My concern about splitting the dose is ge advice to 'wait 4 hours before taking any foods with calcium or iron'... so it massively impact what I can eat on a daily basis
Thanks SlowDragon, but what about the advice from Isabella Wentz and other Thyroid experts who say medication should be taken 4 hours apart from calcium and iron rich foods (milk, whey, and red meat)? Is this unecessary?
Main Levothyroxine dose, ideally yes (I take at bedtime for that reason)
T3, it's a compromise. If the best way for you as an individual is to take a divided dose, (personally it's the ONLY way I can tolerate it) then being sensible about leaving as much gap as possible
Eg I take 10mcg T3 at 6am. Breakfast including small amount of kefir at 8.30.

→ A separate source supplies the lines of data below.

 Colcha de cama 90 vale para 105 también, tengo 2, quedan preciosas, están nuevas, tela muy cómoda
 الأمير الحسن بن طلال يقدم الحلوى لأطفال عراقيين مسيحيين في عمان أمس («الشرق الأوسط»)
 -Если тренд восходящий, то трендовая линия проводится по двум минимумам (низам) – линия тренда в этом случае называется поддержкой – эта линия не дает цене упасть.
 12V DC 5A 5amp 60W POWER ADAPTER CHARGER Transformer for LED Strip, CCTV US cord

3pm - T3 dose. I make sure to eat lunch by 12.30-1pm. Nothing apart from water until 4pm
Evening dose T3 and Levothyroxine combined. Very good reason not to snack in the evening
supplements I take about 9.30am, apart from magnesium about 6pm
Thanks Slowdragon.. I think the Endo wants to see if it will resolve my remaining symptoms... but I seem to tolerate T3 20mcg all in one go in respect of my heart rate anyway... my resting pulse is always around 52 bpm... never changes with T3...

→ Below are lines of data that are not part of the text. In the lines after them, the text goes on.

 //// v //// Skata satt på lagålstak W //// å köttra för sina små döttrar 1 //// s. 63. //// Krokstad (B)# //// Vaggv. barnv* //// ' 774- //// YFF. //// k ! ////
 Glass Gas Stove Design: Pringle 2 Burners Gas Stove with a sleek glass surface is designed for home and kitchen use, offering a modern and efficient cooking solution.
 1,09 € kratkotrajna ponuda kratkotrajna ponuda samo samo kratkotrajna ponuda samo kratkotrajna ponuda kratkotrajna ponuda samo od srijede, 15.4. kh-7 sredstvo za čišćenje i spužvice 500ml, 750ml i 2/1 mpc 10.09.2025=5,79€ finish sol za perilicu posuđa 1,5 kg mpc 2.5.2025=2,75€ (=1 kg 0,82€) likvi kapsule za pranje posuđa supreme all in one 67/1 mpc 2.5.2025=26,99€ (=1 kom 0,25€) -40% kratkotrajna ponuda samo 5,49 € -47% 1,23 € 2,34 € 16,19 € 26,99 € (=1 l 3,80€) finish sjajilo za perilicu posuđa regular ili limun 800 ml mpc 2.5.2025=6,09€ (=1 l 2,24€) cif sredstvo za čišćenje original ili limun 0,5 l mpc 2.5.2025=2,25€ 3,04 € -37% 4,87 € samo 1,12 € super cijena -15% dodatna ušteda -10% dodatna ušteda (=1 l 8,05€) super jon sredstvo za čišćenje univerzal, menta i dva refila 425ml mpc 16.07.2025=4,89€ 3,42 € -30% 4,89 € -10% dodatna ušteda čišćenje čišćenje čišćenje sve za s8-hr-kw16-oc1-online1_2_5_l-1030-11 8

What reason were you given for having a DEXA scan? Have you had a thyroidectomy? Have you got symptoms consistent with metabolic bone disease?
If you've had a thyroidectomy it could be a good idea to get a base line for bone density since the loss of parathyroid glands or calcitonin or some other factor related to loss of thyroid tissue might affect how you maintain bone.
He seemed to be concerned about this and suggested that it was so 'fast acting' that perhaps my T3 would have worn off by the afternoon/evening.
Oh, dear. You've got to laugh, although it's really not funny. They seem to think that T3 is like ibuprofen or something. T3 is not necessarily fast acting and doesn't wear off. It stays in the blood for 24 hours, but the T3 that gets into the cells stays there for about three days.
Some people need to take all their T3 in one go, in order to saturate the receptors. Some people have thyroid hormone resistance that requires high doses in one go to make sure some gets into the cells. And, if he thinks that all your 20 mcg T3 has 'worn off' by the evening, he's as good as admitting that you're not on a high enough dose.